### WHAT TO WORK ON
In the material below, pictures must be dropped. Repeat exactly, and only, the lines from the line with "This comic is" to the line with "Numero cumulato di", both ends included.

### THE RECORDS
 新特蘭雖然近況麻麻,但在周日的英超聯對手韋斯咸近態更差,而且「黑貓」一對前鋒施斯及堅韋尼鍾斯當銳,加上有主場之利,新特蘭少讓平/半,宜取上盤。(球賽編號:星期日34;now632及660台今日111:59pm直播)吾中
* * *
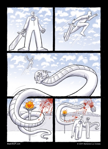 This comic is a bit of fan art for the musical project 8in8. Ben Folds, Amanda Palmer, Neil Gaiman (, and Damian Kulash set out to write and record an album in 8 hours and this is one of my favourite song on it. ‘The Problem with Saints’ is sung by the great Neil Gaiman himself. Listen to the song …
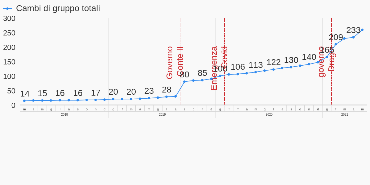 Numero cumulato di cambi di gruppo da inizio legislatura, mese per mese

### THE ANSWER
 This comic is a bit of fan art for the musical project 8in8. Ben Folds, Amanda Palmer, Neil Gaiman (, and Damian Kulash set out to write and record an album in 8 hours and this is one of my favourite song on it. ‘The Problem with Saints’ is sung by the great Neil Gaiman himself. Listen to the song …
 Numero cumulato di cambi di gruppo da inizio legislatura, mese per mese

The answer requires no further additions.